F_s+F_b+F_t-W_w-(F_s-W_w)=
F_s+F_b+F_t-W_w-F_s+W_w=
F_b+F_t=
p_wV_dg+F_t=

Is this correct? How should I continue?

 

[I like Serena]

Hmm, this is not quite right yet, but I'm at a loss right now how to explain.Let's try to look at this another way.

Suppose the metal had exactly the same density as the water.
Then the weight of the metal would equal the buoyancy force, and the tensional force in the string would be zero.
Furthermore, the level of the water in the beaker would rise, accounting for the amount of displaced water.

What would the reading of the scale indicate in this case?

 

[Anna55]

F_b=W_m
p_w+V_d+g=mg
p_m+V_d+g=mg

p_m+V_d+g

 

[LawrenceC]

Draw a free body diagram of the beaker sitting on the scale with the metal suspended by the string fully submerged in the beaker.

Write an expression for the tension in the string in terms of densities and volumes.
Write another expression for the reading the scale would have based on your free body diagram of the situation. This equation should have 3 force terms that comprise the scale reading. One of the terms would be the beaker without the metal in it.

Rearrange the equation so that you have what you seek on one side of the equation.

 

[I like Serena]

Yes, that looks about right, although you should multiply instead of add.
So in this case (metal has equal density as the water) the added weight is $\rho_m V_d g = \rho_w V_d g$.

Now if the metal has a higher density, the buoyancy force remains the same, the weight of the metal increases, but the difference is compensated by the tensional force in the string.

 

[Anna55]

Before the metal is submerged in the water.
F_t=W

Submerged metal
F_b+F_t=W
F_b+F_t-W=
(They cancel out)
F_b=
p_wV_dg=
p_wV_mg

To summarize everything. Is this correct?

 

[I like Serena]

Before the metal is submerged in the water.
F_t=W

Assuming you meant W_m where you wrote W, this is true.

Submerged metal
F_b+F_t=W
F_b+F_t-W=
(They cancel out)

Again assuming you meant W_m where you wrote W, this is also true.
Note that F_t has a different value than before.

F_b=
p_wV_dg=
p_wV_mg

Assuming that with V_m you mean the volume of the metal, which is the same as V_d, the volume of the displaced water, this is also correct.

To summarize everything. Is this correct?
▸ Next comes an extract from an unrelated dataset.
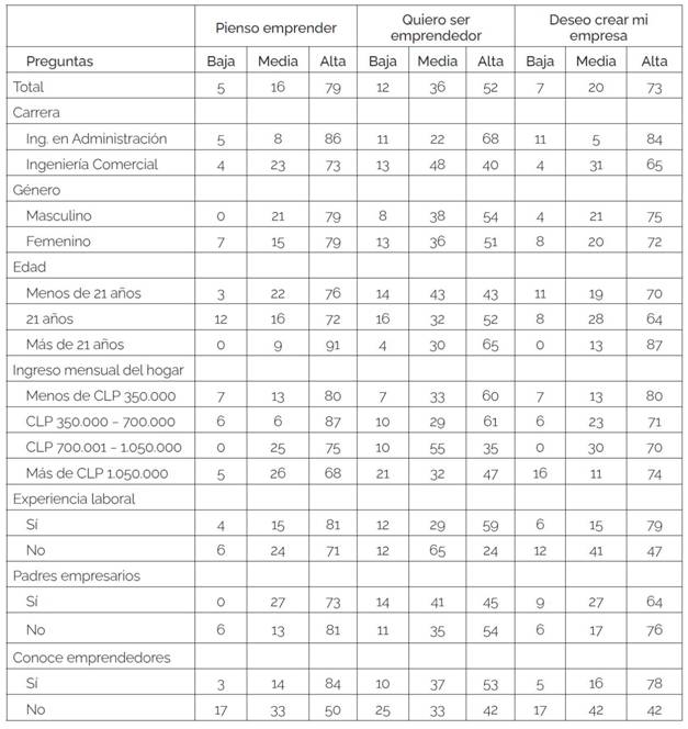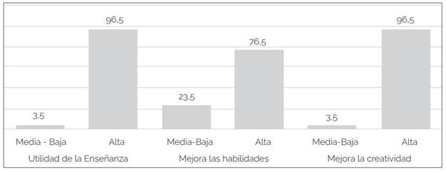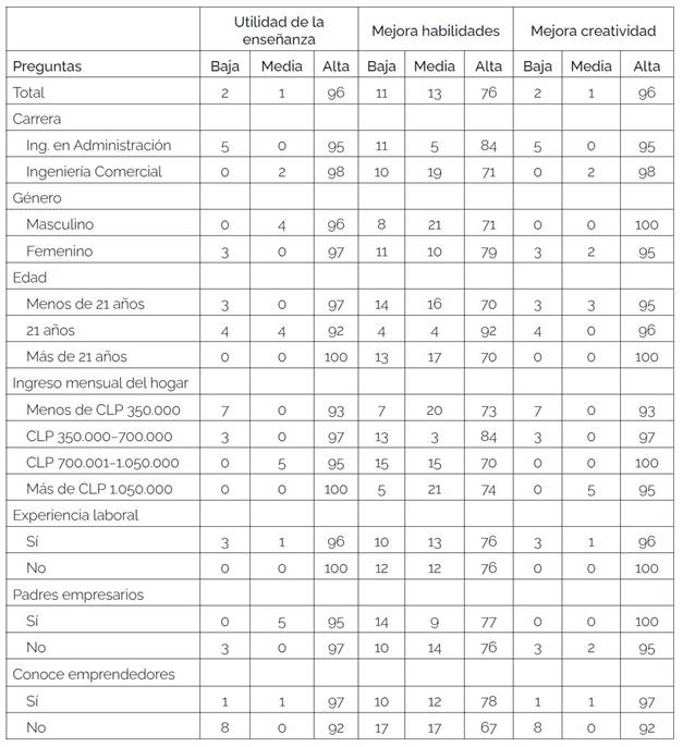 La valoración de la enseñanza del emprendimiento se evaluó mediante tres preguntas que analizaron la utilidad percibida de estudiar emprendimiento (“creo que aprender sobre emprendimiento es útil para mi vida futura”), el aporte de esta enseñanza al desarrollo de habilidades emprendedoras (“creo que las habilidades emprendedoras se adquieren a través de la formación”) y su contribución para mejorar la creatividad y aversión al riesgo (“creo que los cursos de emprendimiento mejoran la capacidad para generar ideas creativas y enfrentar el riesgo”).

As yet, you have not summarized everything.
You did not specify the effect of the metal-on-a-string on the reading of the scale.

 

[Anna55]

Sorry for not writing what the variables stand for in the beginning.
Yes, W_m is the weight of the metal.
Yes, V_m is the volume of the metal.

The change in reading of the scale will be p_wV_mg.

 

[I like Serena]

Okay! :)

 

[Anna55]

Thanks for all the help I have gotten! :) I really appreciate it. :)